- Booyong
- Coordinates: 28°44′54″S 153°27′04″E﻿ / ﻿28.74833°S 153.45111°E
- Country: Australia
- State: New South Wales
- LGAs: Byron Shire; Lismore;

Government
- • State electorate: Lismore;
- • Federal division: Richmond, with a small section in Page;

Population
- • Total: 84 (SAL 2021)
- Time zone: UTC+10
- • Summer (DST): UTC+11
- Postcode: 2480
- County: Rous
- Parish: Teven
Suburbs around Booyong
| Clunes |  | Nashua |
| Eltham | Booyong |  |
|  | Pearces Creek |  |

= Booyong, New South Wales =

Booyong is a locality within the Northern Rivers region of New South Wales and it is partially in Byron Shire and partially in the City of Lismore.

For census purposes the locality is included in the village of Clunes.

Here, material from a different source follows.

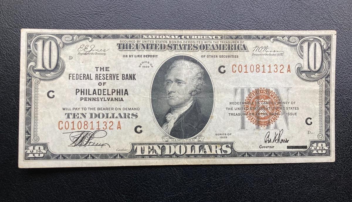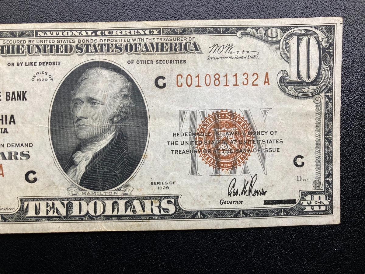 1929 federal reserve bank of Philadelphia $10 note. Lot A2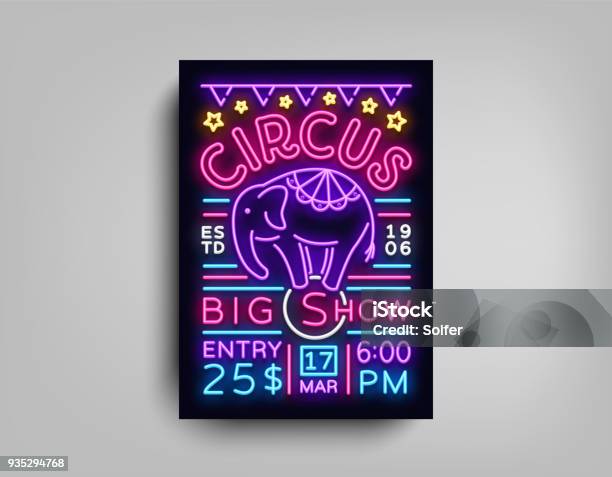 ネオンのスタイルでサーカス チラシ象ネオン サイン ポスター明るいバナーネオン パンフレットタイポグラフィ デザイン テンプレートサーカスサーカスの看板広告光夜ベクトル イラスト - お祝いのベクターアート素材や画像を多数ご用意 - iStock。

The Indigenous people of Booyong are the Bundjalung (Widjabal-Wiabal) who are its traditional owners. Booyong is named using the Bundjalung language word for a species of ironwood tree, or the place of ironwood trees, which is also commonly known as the Booyong.

== Background ==
The village is located on the former Murwillumbah railway line and a station was opened the in 1894 and closed in 1974. The track work, bridges and platform for the former Booyong railway station remains. There are no buildings left in the station precinct.

It is the location of the Booyong Flora Reserve, now part of the Andrew Johnston Big Scrub Nature Reserve, which is one of the few known locations of the endangered plant Isoglossa eranthemoides.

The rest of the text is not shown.